We've just started the year and thousands of script kiddies have become (on paper) rich by investing in cryptocurrencies and buying JPEG images of hyperventilating monkeys (NFTs). The buzzword they keep repeating is "Web3", promising a decentralized internet where users own their data.
Today, a junior developer asked why we don't migrate our databases to a blockchain to "ensure their immutability". I had to count to ten.
The worst database in history
Isolating the financial noise and the marketing smoke, let's look at the blockchain through the eyes of a database engineer. A public blockchain (like Bitcoin or Ethereum) is nothing more than a decentralized, append-only linked list.
To get that database to work without a central administrator (Trustless), you sacrifice absolutely all performance. A well-tuned traditional database like PostgreSQL or VISA's engine processes over 60,000 transactions per second. The Ethereum mainnet, right now, processes about 15. Fifteen. And every transaction (inserting a row) costs tens of dollars in "gas" fees for the redundant computation of thousands of mining nodes verifying the exact same thing.

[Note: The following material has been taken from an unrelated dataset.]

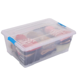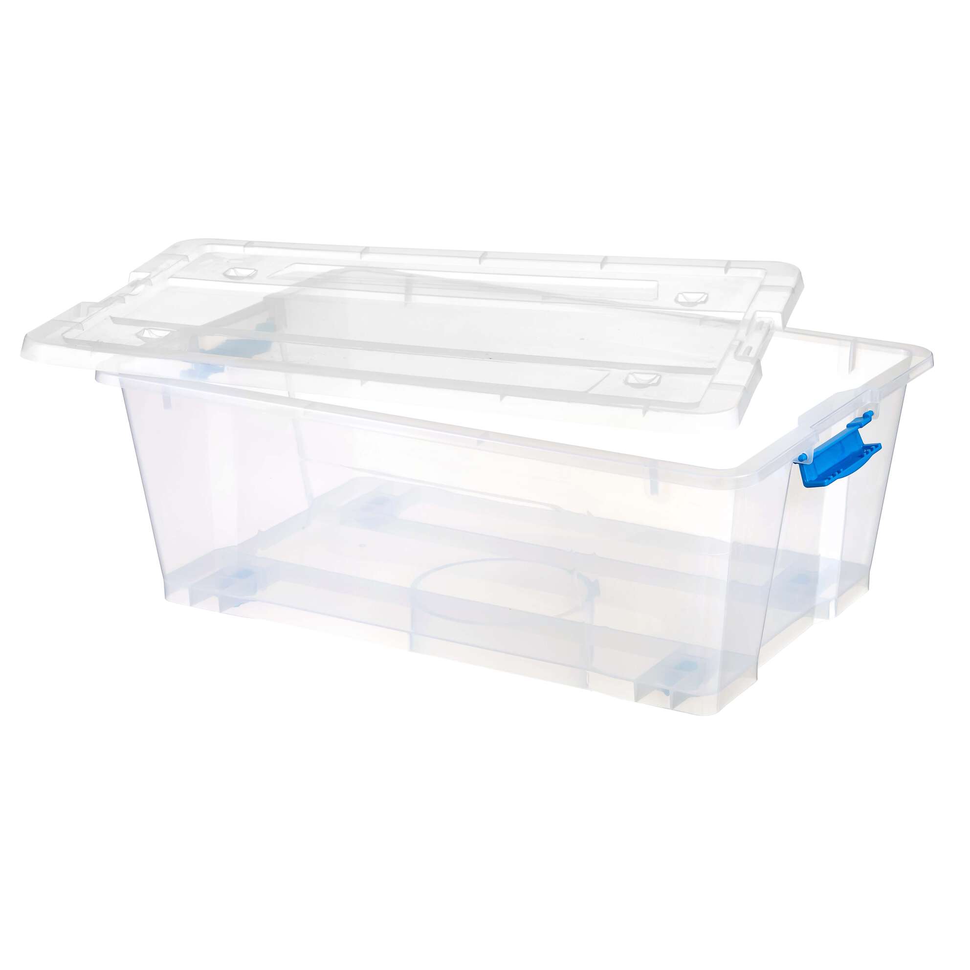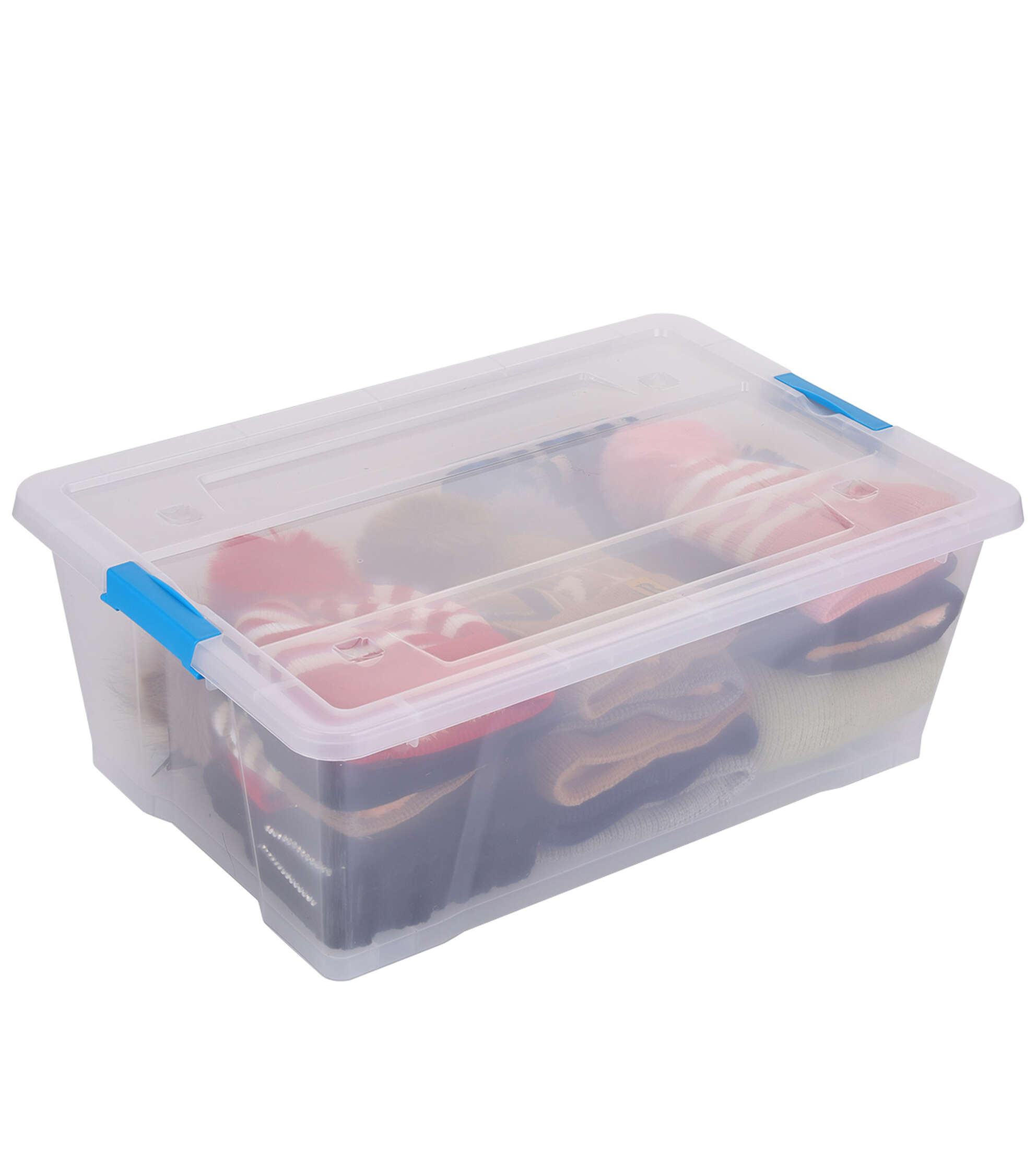The Plastic Storage Box with Snap Lid will help you organize your home or office better. This lidded plastic box is designed with a snap closure to keep the contents secure. It is designed with wheels making it easy to move it from one place to another. You can use it to keep files, books, toiletries, stationery and more.

Furthermore, the technical concept of NFTs is a botched job.
// El contenido real de un NFT en la Blockchain
{
"name": "Mono Aburrido #1024",
"description": "Un mono muy caro",
"image": "https://servidor-centralizado.com/mono1024.png"
}
People think the image is "on the chain". No. Storing 2 Megabytes on the Ethereum blockchain would cost thousands of dollars. What you are buying is a cryptographic receipt containing a sad URL (an HTTP link) pointing to an Amazon server or an external IPFS node. If the central server gets turned off, your immutable token points to a 404 error.
Reflection: Efficiency requires trust
Decentralized cryptography is mathematically beautiful and is the only solution if your goal is to avoid state censorship. But for 99% of commercial applications and corporate databases, censorship is not the problem.
Companies use centralized databases because they trust an administrator (AWS, Google, or your company's DBA) in exchange for scalability and performance. "Web3" is a brilliant technical solution in search of a problem that the real business world simply doesn't have.